Voting with your feet
After an interesting and educational trip to Europe, I'm back in the US writing this week's column, and thinking about how great it is to live in this country. $3 gas (as compared to $6-$8 in Europe), cheap food (about 30-50% less than Europe), and low cost automobiles, comparably speaking, still make the US attractive. Housing costs are also much less in most areas (especially the Midwest) as US land is cheap, relative to Europe. I couldn't help but think about the comparison's that SAM farmers have to the US - and similar advantages to SAM than the US (the first being no grain embargoes yet from the SAM governments.)
One of my favorite economics professors used to say that people "...vote with their feet!" What he meant was that if we don't like something in the place we currently live, we simply move to a more attractive place. Since NDSU was on the border of MN and ND, usually the comparison was the choice of living in MN or ND. MN taxes were much higher, but also had a better public educational system and public services. ND had lower taxes, but less services. People 'voted with their feet' by simply moving to the area they liked better.
European 'systems' vary greatly by country - language, cultures, resources, building construction and architecture - as well as economic differences like taxes, gas prices, etc). But even in Europe, people are 'voting with their feet' - moving to the location they prefer. In this new global economy, even US businesses doing commerce internationally are 'voting with their feet'. Most are looking for 'off-shore' tax advantages, and most are finding them. Rumor had it that even Proctor and Gamble moved its headquarters to Geneva, Switzerland in the past year, moving about 4,000 management employees to Switzerland.

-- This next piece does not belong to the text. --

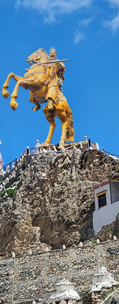 The drive led us to a small village called Wanla. It’s also called as Apple village. There is a small gompa on top of the mountain that crowns the village. As we looked around from the sidelines of the road, we saw a golden statue of a person riding on a horse-back installed atop the hill. The golden statue intrigued us to know more about the person. After interacting with the local villagers, we figured out that the statue was of Wanle Lhonpo – the wandering soul of Ladakh. He is remembered for his enigmatic personality and miraculous deeds. Based on Ladakh folklore, he also had miraculous power of communicating with deities.
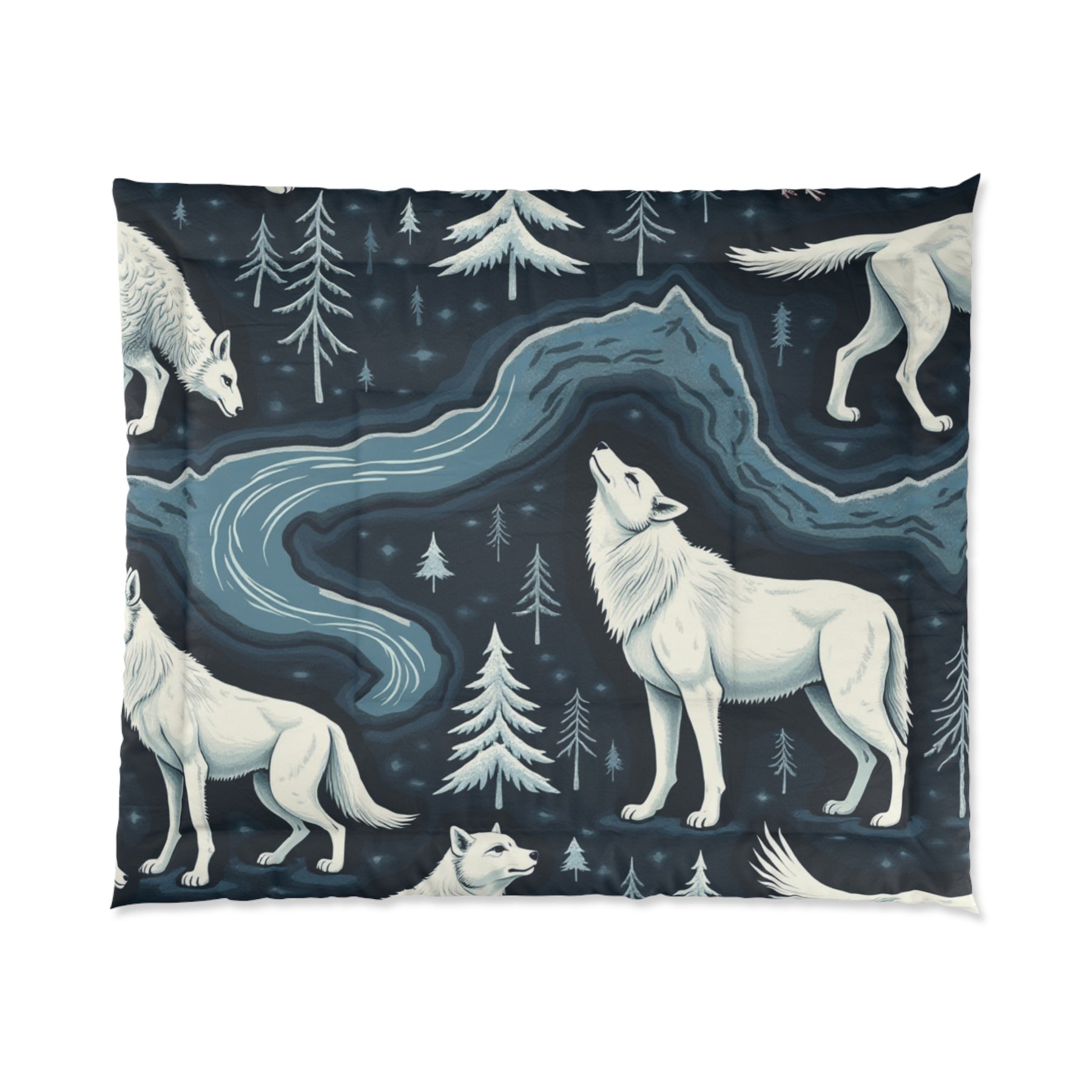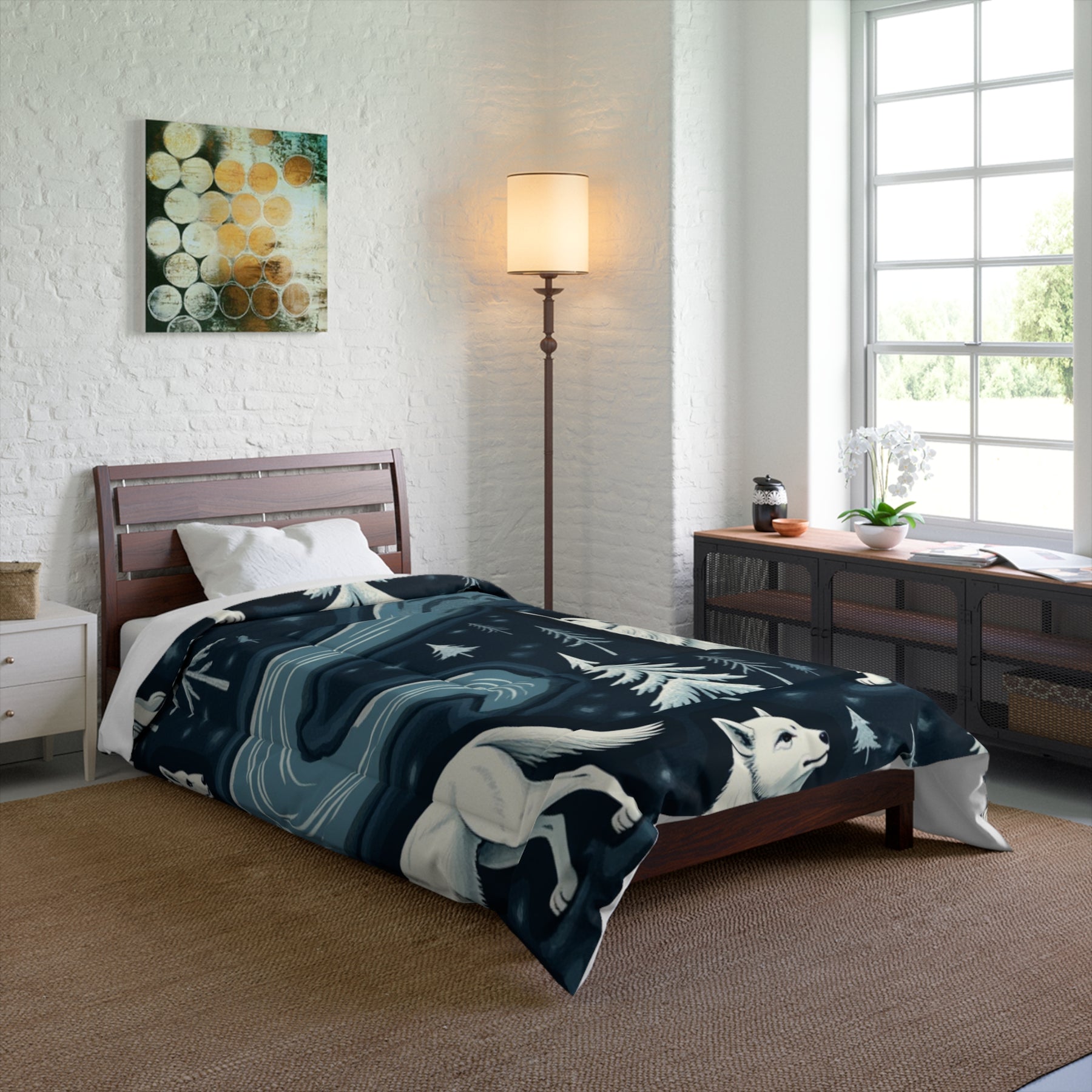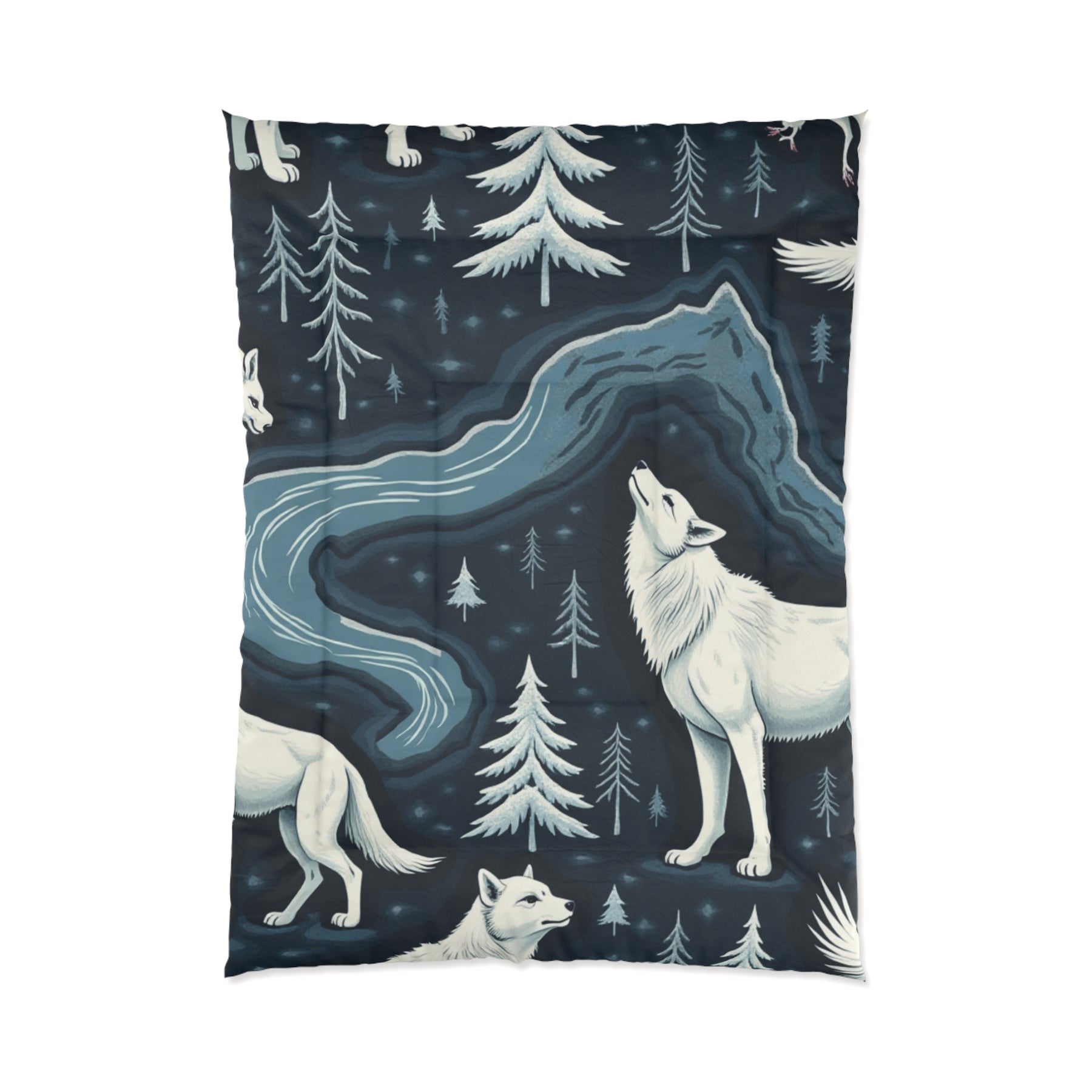 Wrap yourself in a quietly powerful scene: pale wolves move through a starlit forest beside a ribbon of glowing river. The comforter’s deep navy and icy blue palette soothes late-night thoughts and invites slow mornings. It lays across the bed like a storyteller’s blanket — bold imagery that calms rather than shouts. Lightweight and softly brushed, it tucks under arms and around shoulders with a gentle, cozy weight. Whether curling up to read by lamplight or resetting after a long day outdoors, this comforter brings a hushed wilderness energy and a sense of restful escape to the bedroom.

When I first heard about this, I was angry that large US business is taking advantage of 9% taxes in Switzerland, instead of 20-40% taxes in the US. This money goes now to the Swiss government, not the US government. Big business and the mega-rich are shifting the tax burden away from them to the working stiffs/farmers who aren't yet domiciled in Switzerland with their own 'holding company' shell. At first I was angry, but then I started to think "what's good for the goose, is good for the gander."
This has become an issue for the 2007 Farm Bill, as the House financed much of the farm bill with $4 billion in taxes collected by closing at least part of the off-shore tax loophole. The White House calls this an unacceptable 'tax increase' - they don't want to give more money to farmers/food stamp collectors by closing this tax loophole. Yesterday, again Ag Sec. Johansson stated this was unacceptable to the administration - calling it a 'poison pill' and also reiterated that the President might veto this bill. He also talked about the income cap for receiving subsidies, which the House lowered from $2.5 million to $1 million income limitation for farmers to get government payments - the administration wants it lowered to $250,000 income.